● **Data excerpt**
···

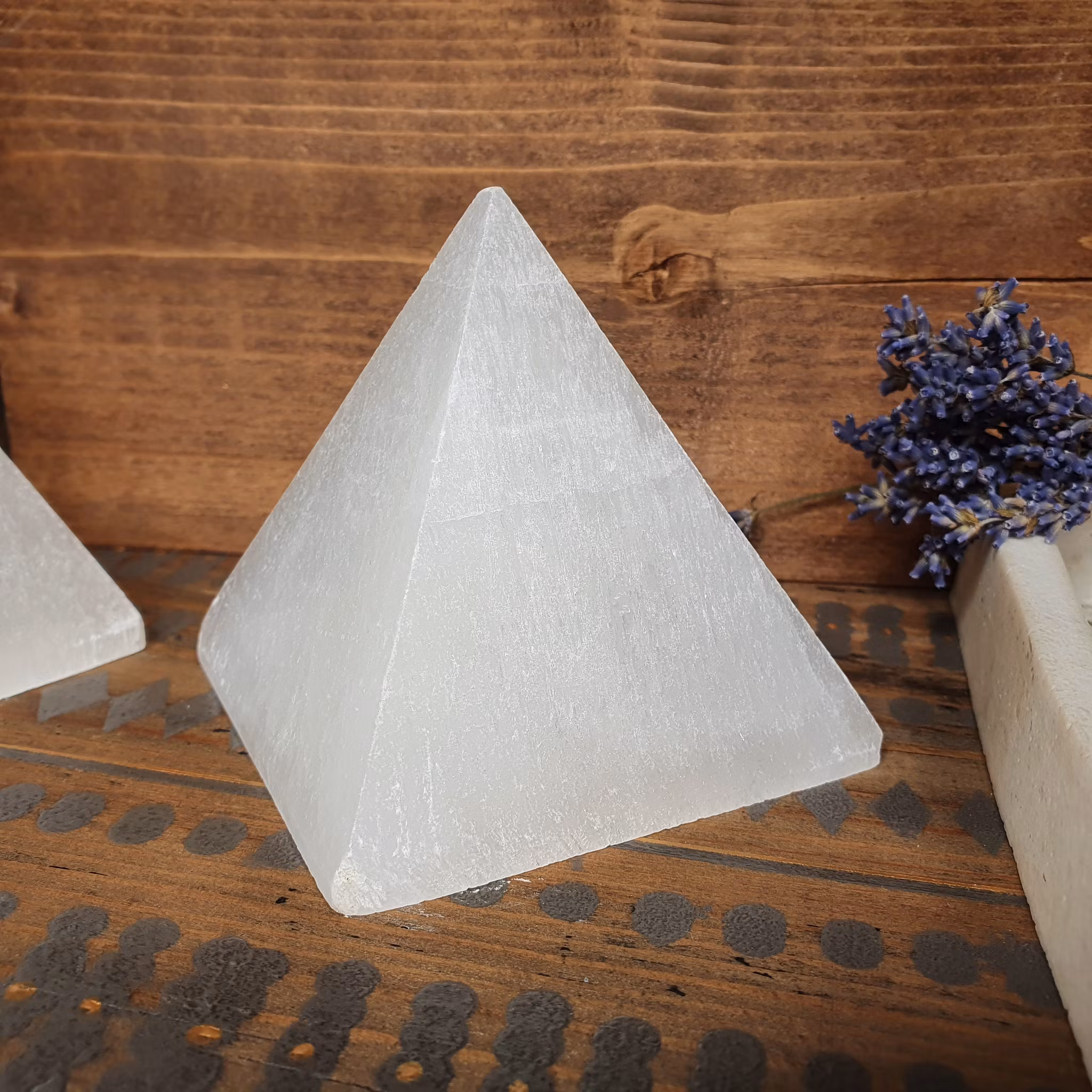 Pyramid av Selenit. Notera att Selenit är ett skört material och naggar kan framträda. Vi får in naggade bitar av selenit från grossist, så det är svårt att undvika. Jag packar supersäkert i kartong med massor av bubbelplast för att minimera risken.
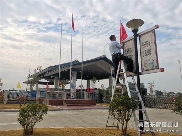 9月24日清晨,樟树东收费所组织员工举行庄重的升旗仪式。通过庄重的升旗仪式去表达浓烈的爱国热情。该所组织干部员工对院区进行大清扫,用焕然一新的一面迎接国庆。一是利用“长扫把”对办公楼及宿舍楼屋檐下的蜘蛛网进行清扫;二是对卫生死角及灰尘较厚的地方进行冲洗;三是在院区围栏处及路灯处插上彩旗、国旗。
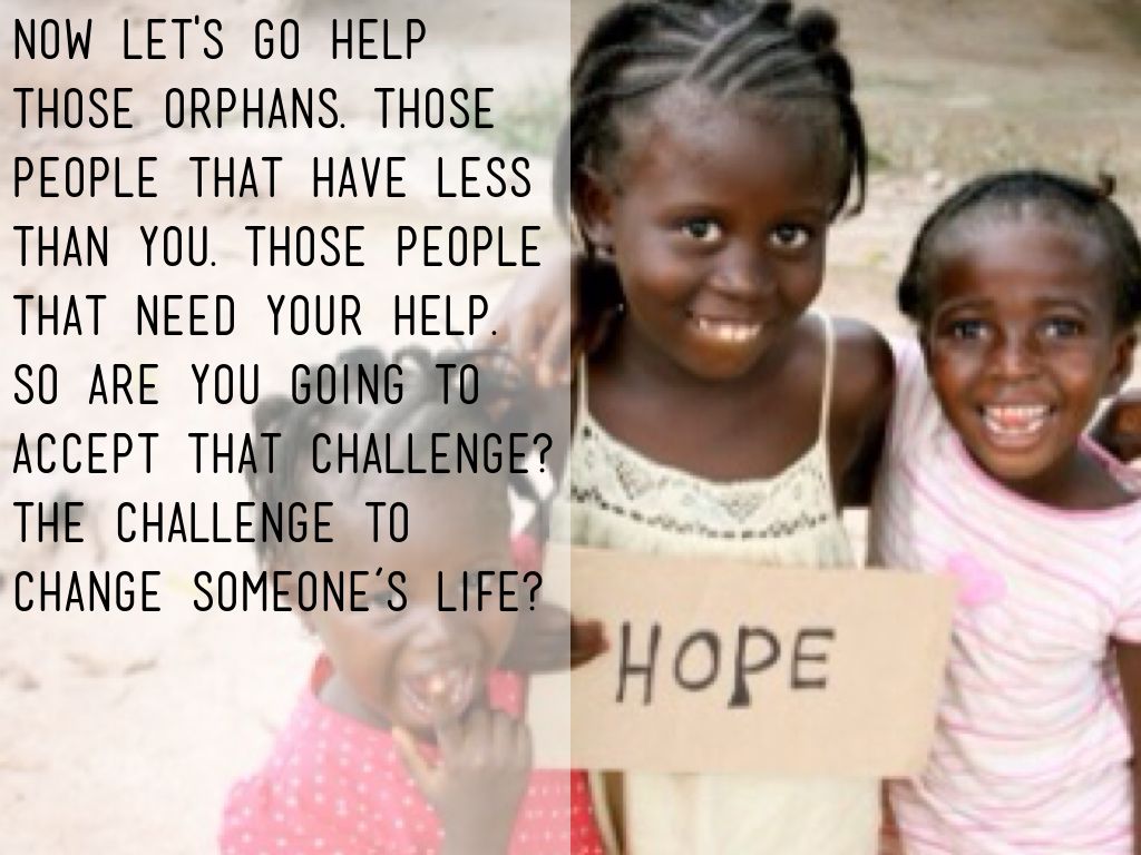 Now let's go help those orphans. Those people that have less than you. Those people that need your help. So are you going to accept that challenge? The challenge to change someone’s life?
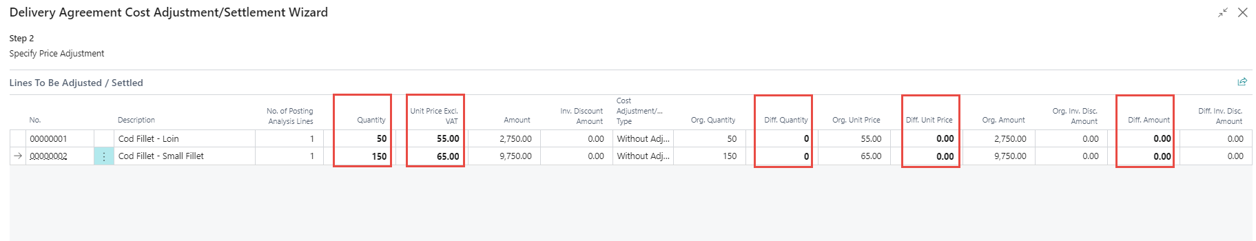 There are 5 fields that can be changed in this form: Quantity, Unit price excl. VAT, Diff. Quantity, Diff. Unit Price and Diff.

···

● **What the task asks**
When you copy the data, keep every line exact and drop the pictures.

● **Response to this exercise**
 Pyramid av Selenit. Notera att Selenit är ett skört material och naggar kan framträda. Vi får in naggade bitar av selenit från grossist, så det är svårt att undvika. Jag packar supersäkert i kartong med massor av bubbelplast för att minimera risken.
 9月24日清晨,樟树东收费所组织员工举行庄重的升旗仪式。通过庄重的升旗仪式去表达浓烈的爱国热情。该所组织干部员工对院区进行大清扫,用焕然一新的一面迎接国庆。一是利用“长扫把”对办公楼及宿舍楼屋檐下的蜘蛛网进行清扫;二是对卫生死角及灰尘较厚的地方进行冲洗;三是在院区围栏处及路灯处插上彩旗、国旗。
 Now let's go help those orphans. Those people that have less than you. Those people that need your help. So are you going to accept that challenge? The challenge to change someone’s life?
 There are 5 fields that can be changed in this form: Quantity, Unit price excl. VAT, Diff. Quantity, Diff. Unit Price and Diff.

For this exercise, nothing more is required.